= THE DATA =

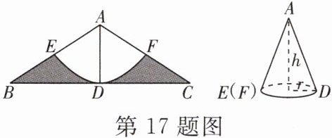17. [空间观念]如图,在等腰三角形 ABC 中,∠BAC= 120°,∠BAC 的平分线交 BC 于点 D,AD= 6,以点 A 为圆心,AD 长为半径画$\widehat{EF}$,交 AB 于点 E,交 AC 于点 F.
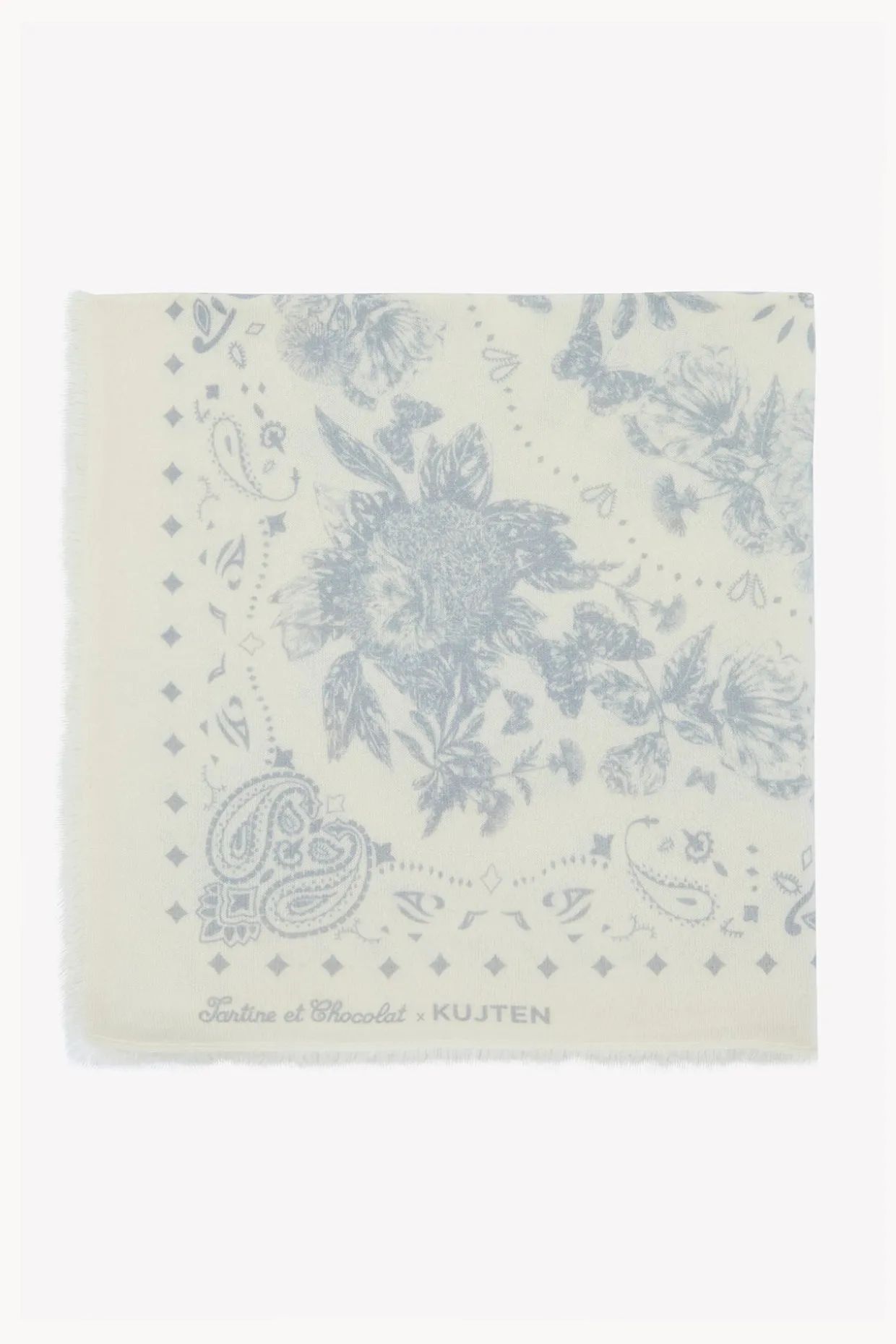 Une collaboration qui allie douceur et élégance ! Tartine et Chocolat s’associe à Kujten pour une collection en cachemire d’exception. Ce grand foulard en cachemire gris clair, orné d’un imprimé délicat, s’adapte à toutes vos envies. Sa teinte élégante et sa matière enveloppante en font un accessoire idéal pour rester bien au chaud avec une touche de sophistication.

---

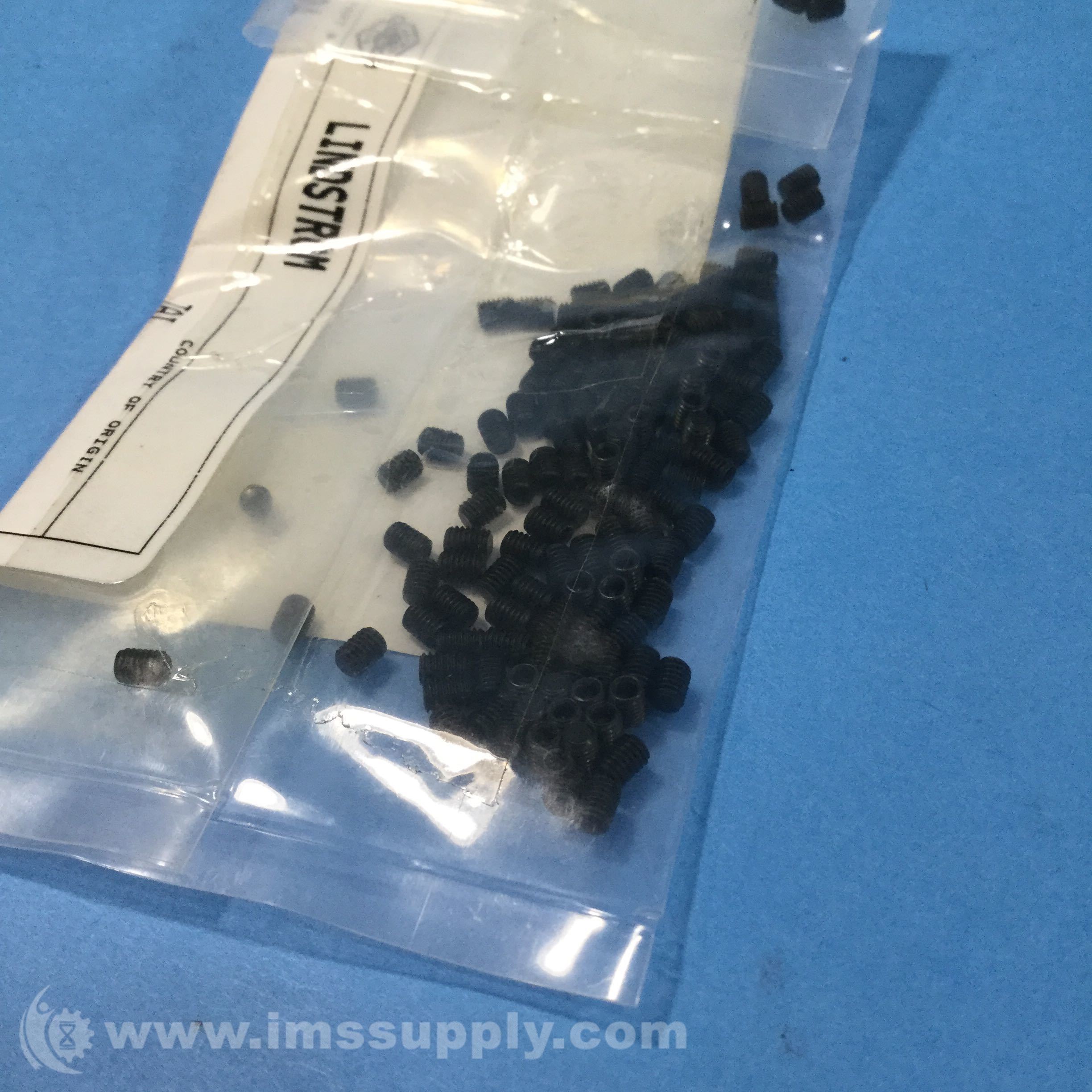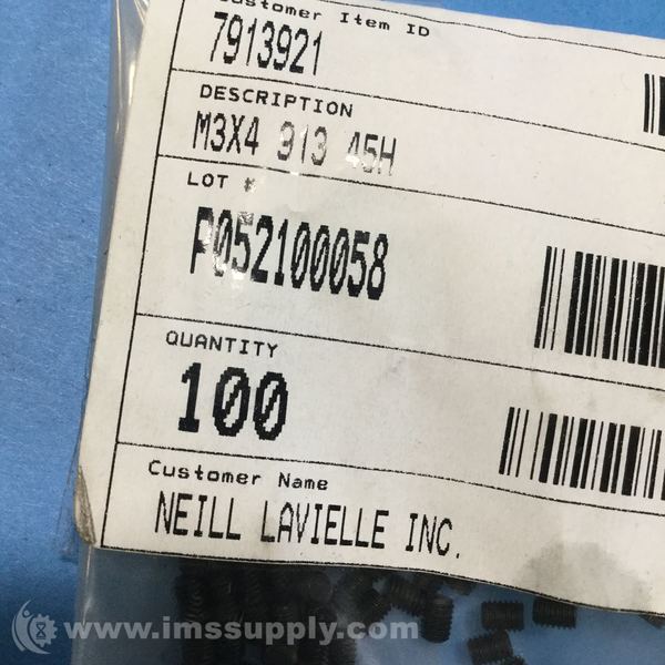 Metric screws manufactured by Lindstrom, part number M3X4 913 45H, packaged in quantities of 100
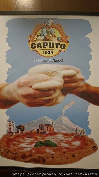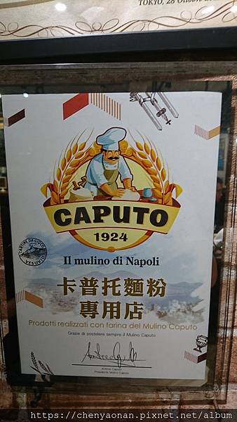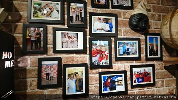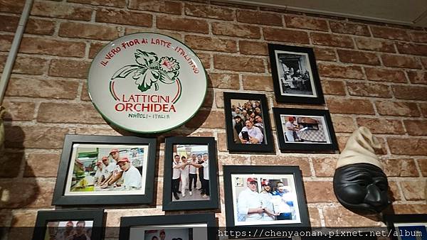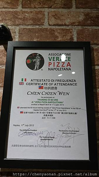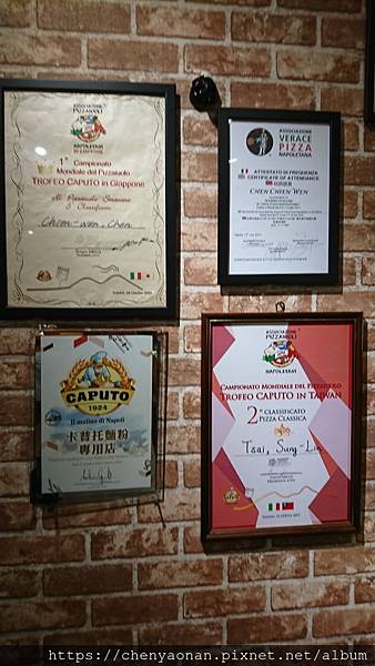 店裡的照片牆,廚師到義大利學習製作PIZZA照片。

--

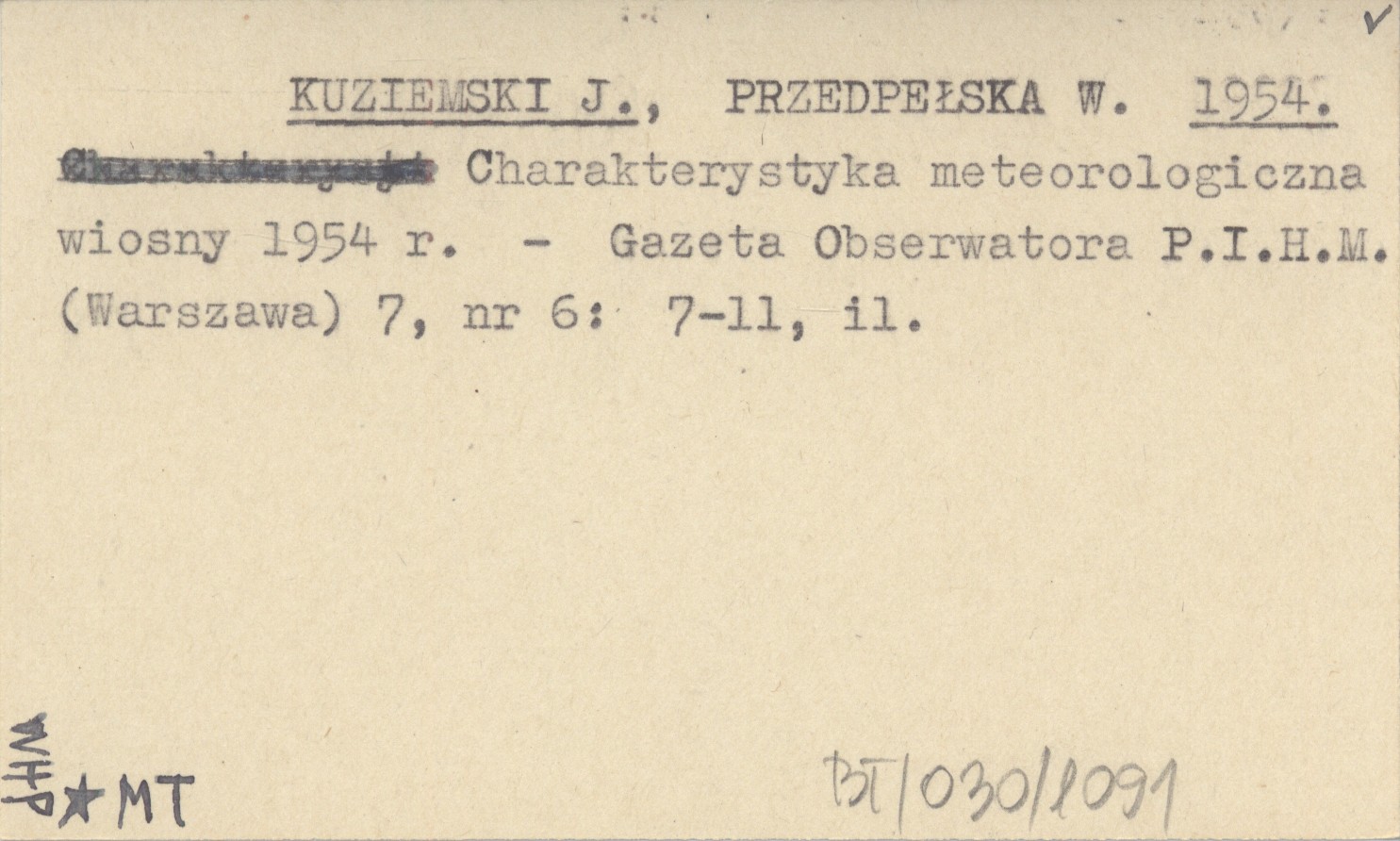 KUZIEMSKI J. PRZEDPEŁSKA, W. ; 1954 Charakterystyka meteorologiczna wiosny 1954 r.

= PROMPT =
Transcribe, exactly and without pictures, everything in the data from the line with "17. [空间观念]如图,在等腰三角形 ABC" down to the line with "Une collaboration qui", both included.

= ANSWER SECTION =
17. [空间观念]如图,在等腰三角形 ABC 中,∠BAC= 120°,∠BAC 的平分线交 BC 于点 D,AD= 6,以点 A 为圆心,AD 长为半径画$\widehat{EF}$,交 AB 于点 E,交 AC 于点 F.
 Une collaboration qui allie douceur et élégance ! Tartine et Chocolat s’associe à Kujten pour une collection en cachemire d’exception. Ce grand foulard en cachemire gris clair, orné d’un imprimé délicat, s’adapte à toutes vos envies. Sa teinte élégante et sa matière enveloppante en font un accessoire idéal pour rester bien au chaud avec une touche de sophistication.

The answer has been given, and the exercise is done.